Soluciones como la “economía circular” prevén bienes durables más durables, cuyos componentes y productos tengan vida útil más prolongada, mientras se asegura que desechos biológicos puedan reingresar a la biosfera al fin de su vida útil de manera de cuidar la productividad de los suelos y generar menos residuos intratables y tecnología que faciliten la reutilización de materiales de manera que sean equivalentes a los equivalentes de primera utilización.
Se calcula que, a su vez, esta “economía circular” puede generar negocios por más de un billón de dólares (millón de millones), algo más que dos Argentinas. Se trata de un enfoque diferente, sino opuesto, al más común del “reciclado” que generalmente se basa en la degradación de materiales, generando finalmente más desperdicios, sin disminuir la demanda de materiales vírgenes. Nuevas actitudes de los consumidores, ya no tan preocupados por la propiedad de los bienes, sino por su disponibilidad (alquiler, leasing) están conduciendo a la proliferación de nuevos modelos de negocios que caracterizan esta “economía circular”.
Pero la vía de la racionalidad y las soluciones de largo plazo no son las únicas en juego. Conflictos o potenciales conflictos recientes, sobre islas o islotes en el Mar de la China o en el Pacífico, la disputa por Crimea y Ucrania, y por supuesto la violencia perenne en el Cercano Oriente y Asia Central, se encuentran en alguna medida, vinculados a la cuestión de la disponibilidad de hidrocarburos, recursos pesqueros o hídricos. Si las políticas económicas y de uso de recursos que se adoptan resultan insostenibles a escala local, no solo pueden limitar el crecimiento de un país, sino que pueden provocar violencia, entre las poblaciones afectadas, y más allá de las fronteras.
A su vez la extracción predatoria de recursos por grandes multinacionales amenaza en algunos caso con la pérdida del control soberano sobre aquellos, a cambio de beneficios de corto plazo para un estrecho segmento de las élites gobernantes locales o de amigos del poder. Ello a su vez confirma la creencia de que el juego democrático es manejado en favor de unos pocos participantes en perjuicio del 99%.
El relativamente rápido desarrollo de tecnologías como el fracking para extraer gas y petróleo profundo mediante perforaciones horizontales y fractura hidráulica y para explotar el shale, rocas livianas más superficiales con hidrocarburos atrapados en sus poros, podrían permitir la explotación de yacimientos potenciales equivalentes a nueve o 10 veces los existentes. En el caso del gas, la posición relativa de Estados Unidos ya está cambiando rápidamente y se habla de “Saudi-América”, con las consecuencias económicas y geopolíticas que ello acarrearía.

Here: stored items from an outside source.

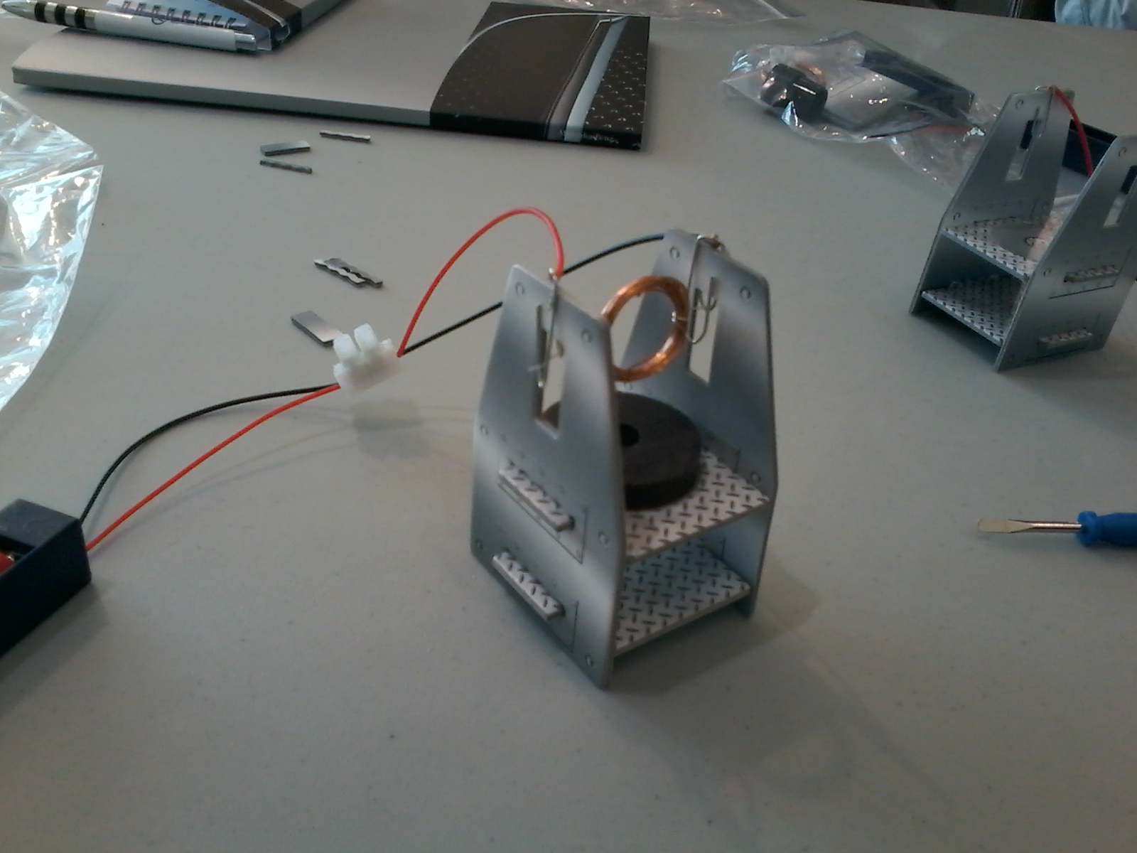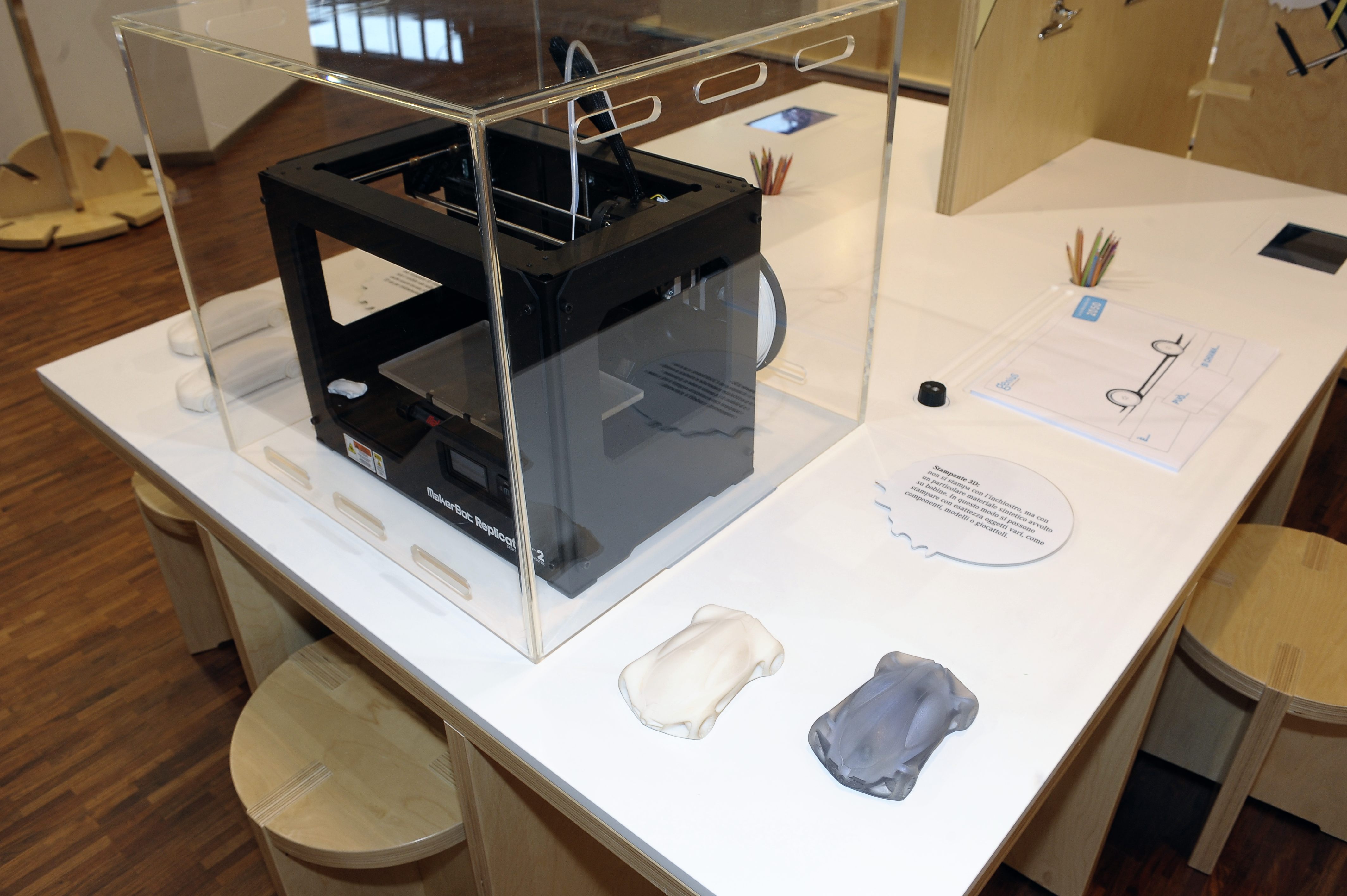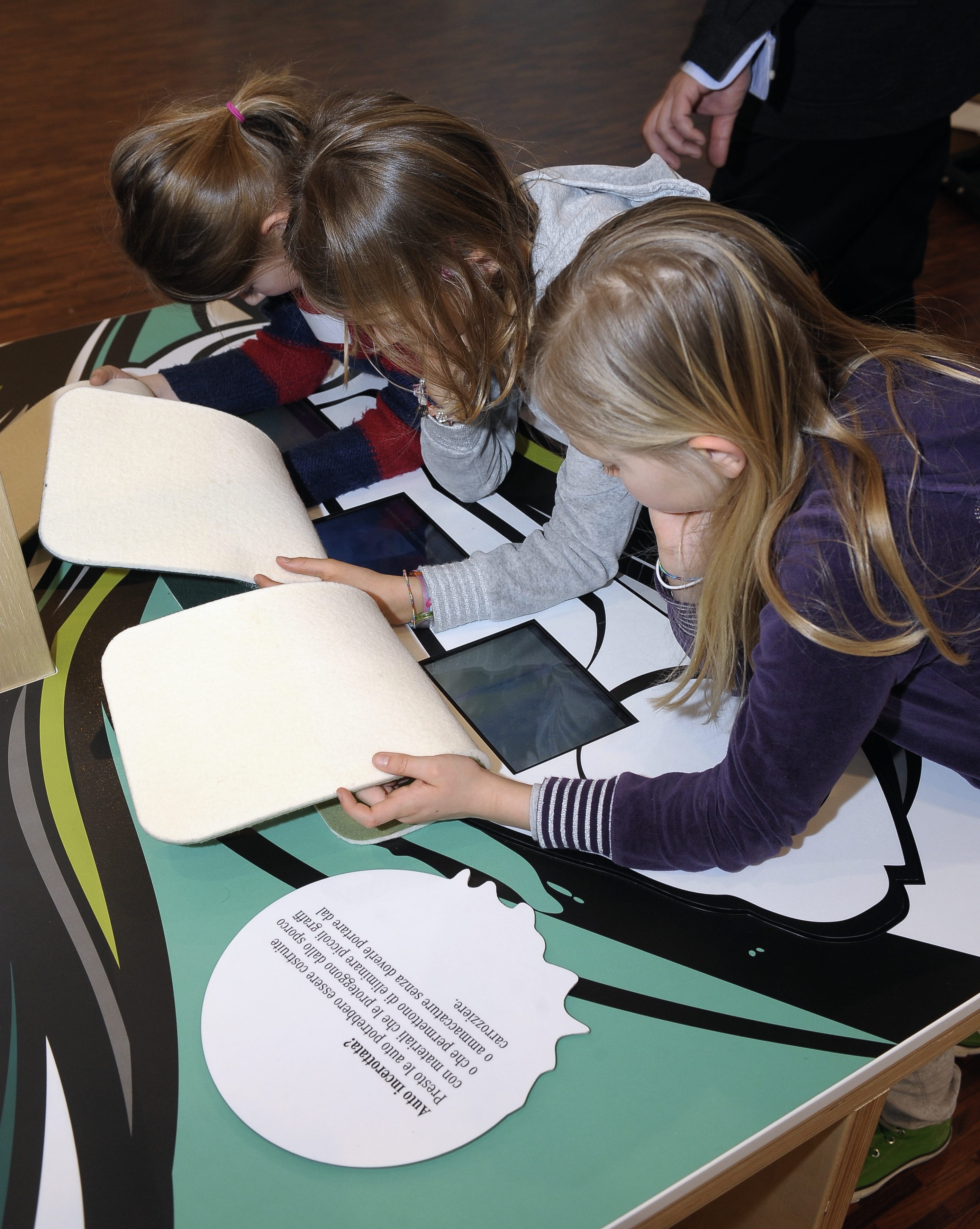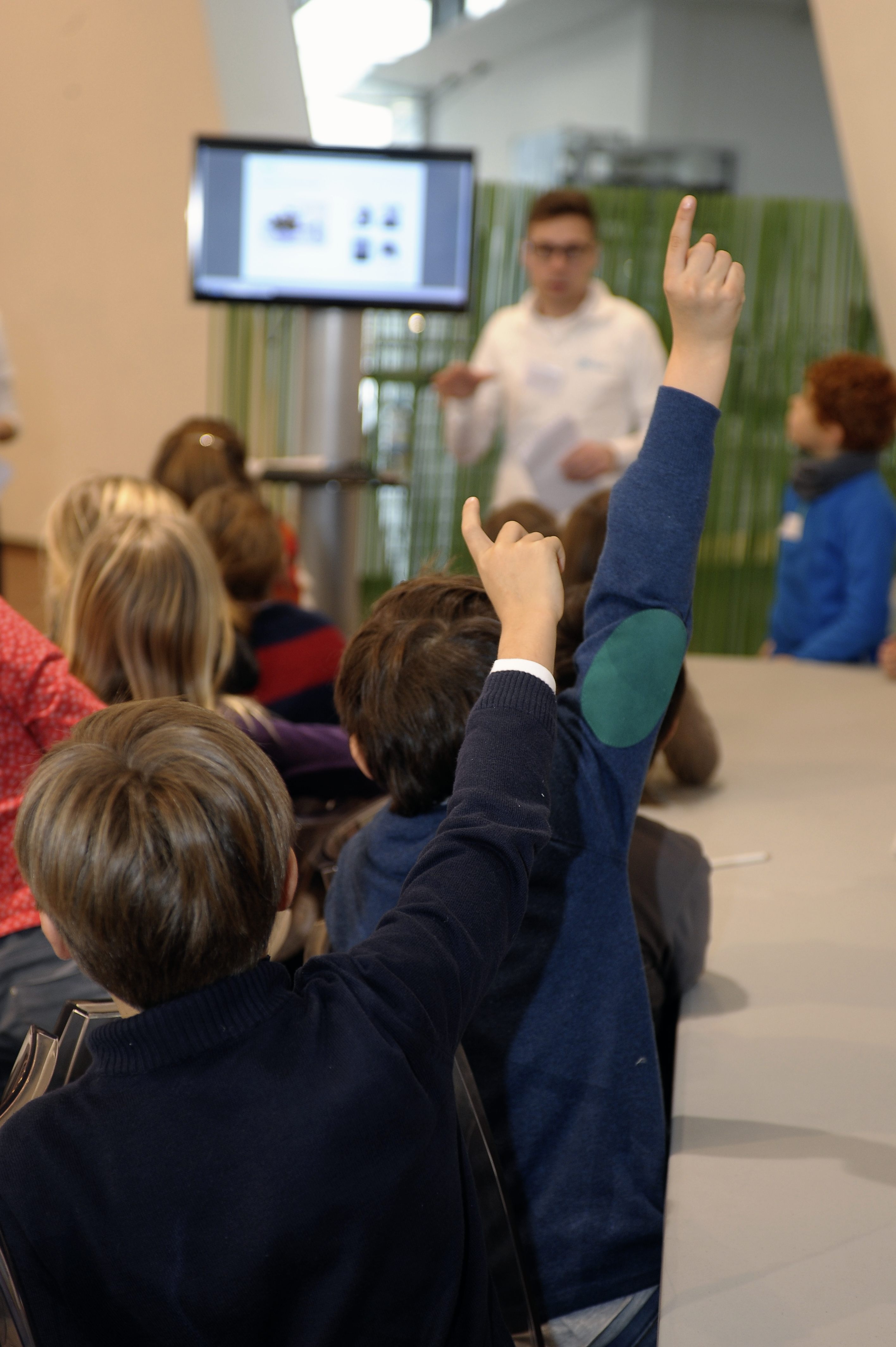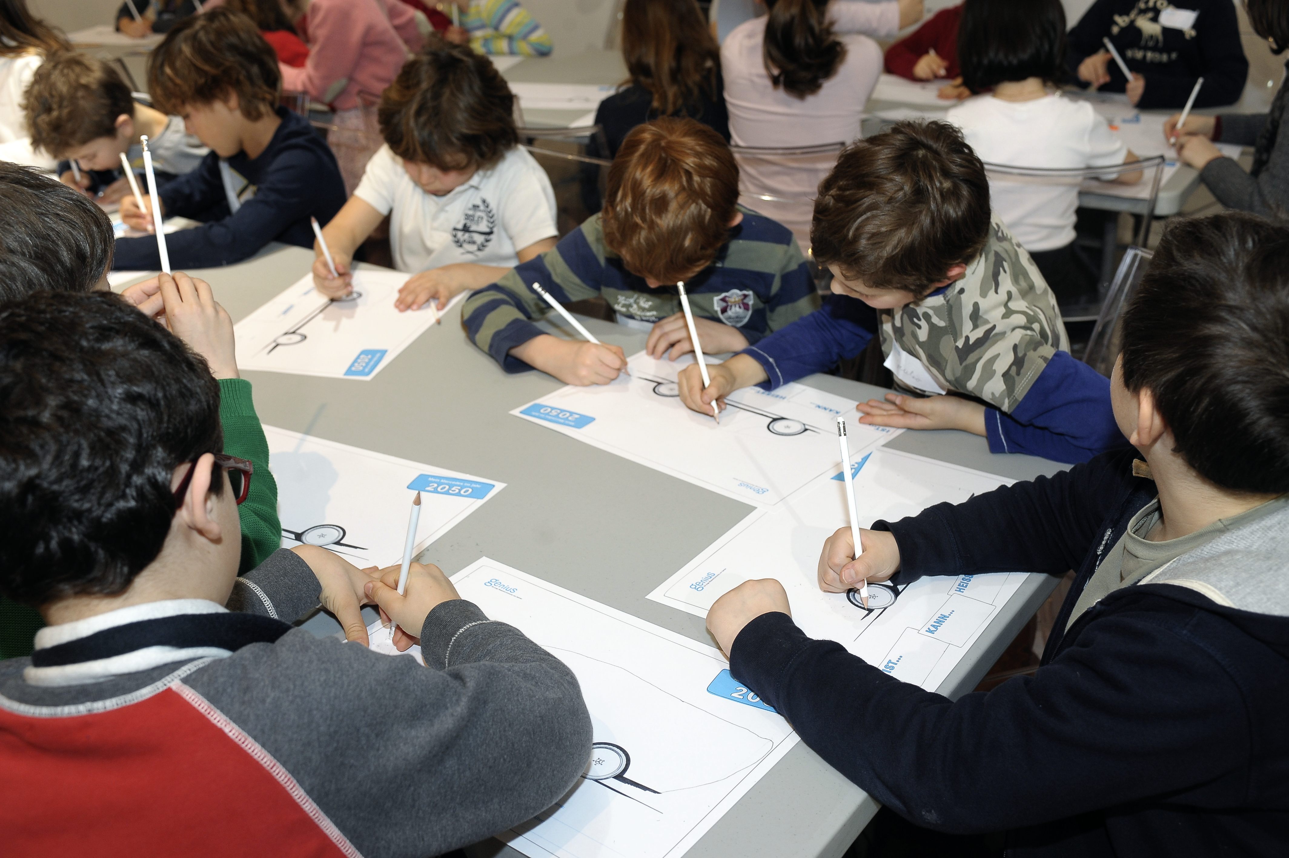 Genius, la giovane knowledge community di Daimler, integra l’esposizione con workshop di argomento tecnico cui le scolaresche prendono parte subito dopo la visita all’esposizione. I giovani visitatori possono così subito mettere in pratica nei workshop le impressioni raccolte durante la visita. Acquisiscono nozioni più dettagliate su una delle aree tematiche e sono coinvolti in prima persona. Così, ad esempio, durante il workshop ‘Elettromobilità’ bambini e ragazzi costruiscono un motore elettrico (l’abbiamo fatto anche noi e, incredibile ma vero, ha funzionato! E la soddisfazione è stata enorme…). I workshop di tipo pratico sono concepiti in funzione della fascia di età di appartenenza: i moduli ‘Design’ e ‘Materiali’ sono rivolti a bambini delle classi dalla prima alla quarta della scuola primaria, mentre i workshop ‘Elettromobilità’ e ‘Guida sicura’ sono rivolti agli allievi delle classi quinte della scuola primaria e delle classi prime della scuola secondaria di primo grado.
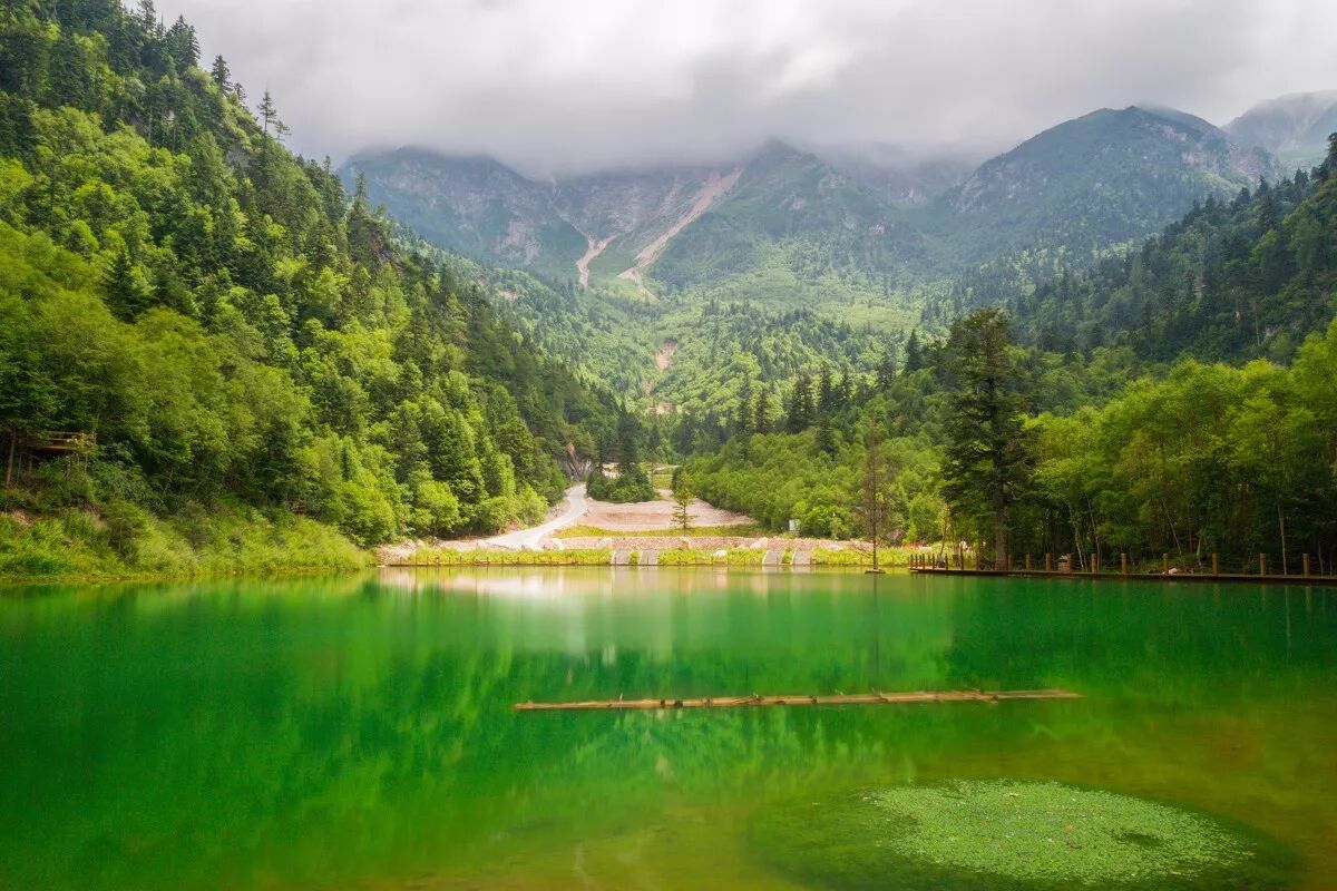 纯的发透的蓝绿色湖水,巍峨的高山,它美丽的风景就像阿尔卑斯山脚下的国王湖,纯粹的令人留恋。
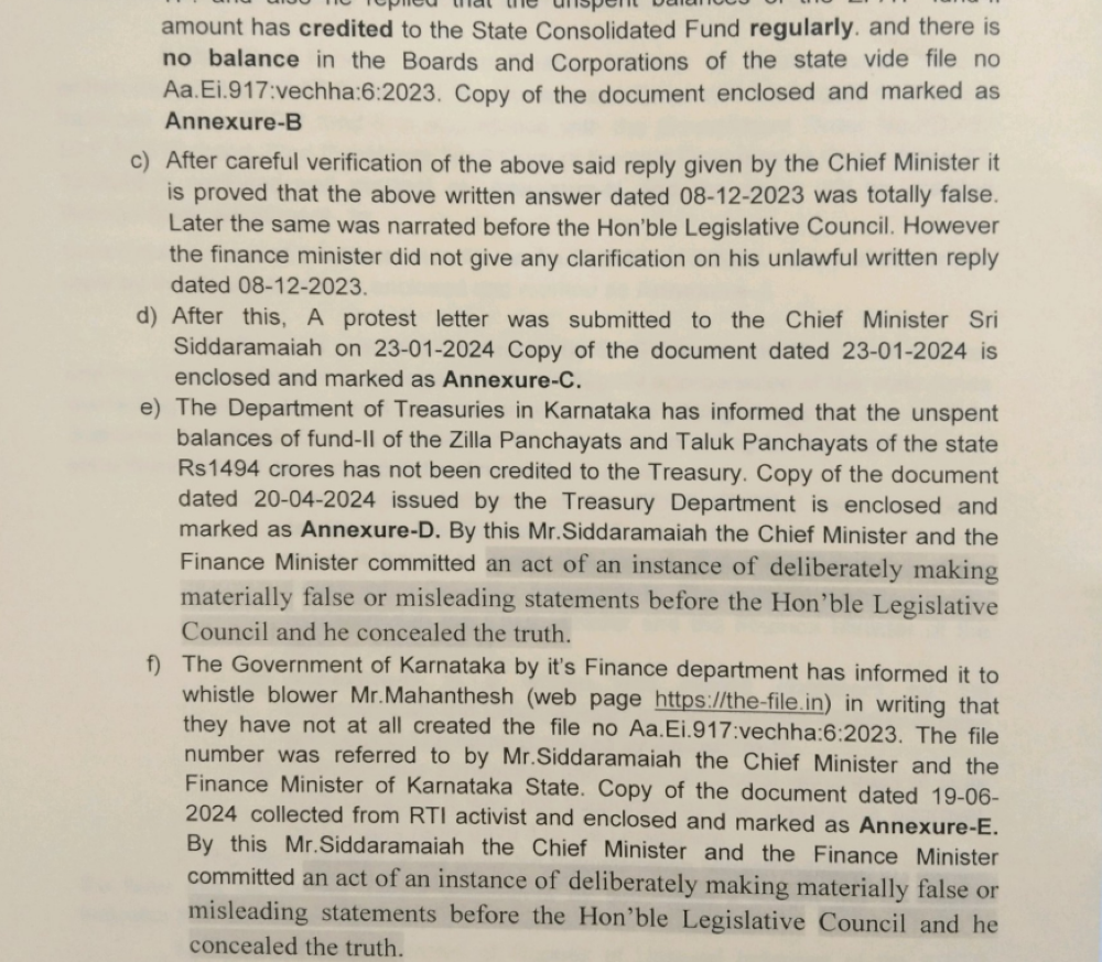 ಅಲ್ಲದೇ ಕರ್ನಾಟಕ ಖಜಾನೆ ಇಲಾಖೆಯು 1,494 ಕೋಟಿ ರು.ಗಳನ್ನು ಸ್ವೀಕರಿಸಿಲ್ಲ ಎಂದು 2024ರ ಏಪ್ರಿಲ್ 20ರಂದೇ ಉತ್ತರಿಸಿತ್ತು. ಈ ಮೂಲಕ ಹಣಕಾಸು ಸಚಿವರೂ ಆಗಿರುವ ಮುಖ್ಯಮಂತ್ರಿ ಸಿದ್ದರಾಮಯ್ಯ ಅವರು ಉದ್ದೇಶಪೂರ್ವಕವಾಗಿ ವಸ್ತುನಿಷ್ಟವಾಗಿ ಸುಳ್ಳು ಅಥವಾ ತಪ್ಪು ದಾರಿಗೆಳೆಯುವ ಹೇಳಿಕೆಗಳನ್ನು ನೀಡಿದ್ದಾರೆ. ಈ ಮೂಲಕ ವಿಧಾನ ಪರಿಷತ್ ಮುಂದೆ ಸತ್ಯವನ್ನು ಮರೆಮಾಚಿದ್ದಾರೆ ಎಂದು ದೂರಿನಲ್ಲಿ ವಿವರಿಸಿದ್ದಾರೆ.

Sin embargo en el caso del agua, las circunstancias no parecen alterarse. Su consumo crece más rápido que la población: durante el siglo pasado al doble que esta. Como resultado, varias agencias de las Naciones Unidas prevén que para 2025, 1.800 millones de personas estarán viviendo en condiciones de absoluta escasez de agua, mientras que dos tercios de la población mundial enfrentarán serias dificultades de abastecimiento de agua potable. Solo en el caso de China el agotamiento o contaminación de los acuíferos de la Planicie Norte, base de su producción de cereales abre interrogantes acerca de la posibilidad del país de mantener políticas de autosuficiencia alimentaria mantenidas por décadas sino por siglos.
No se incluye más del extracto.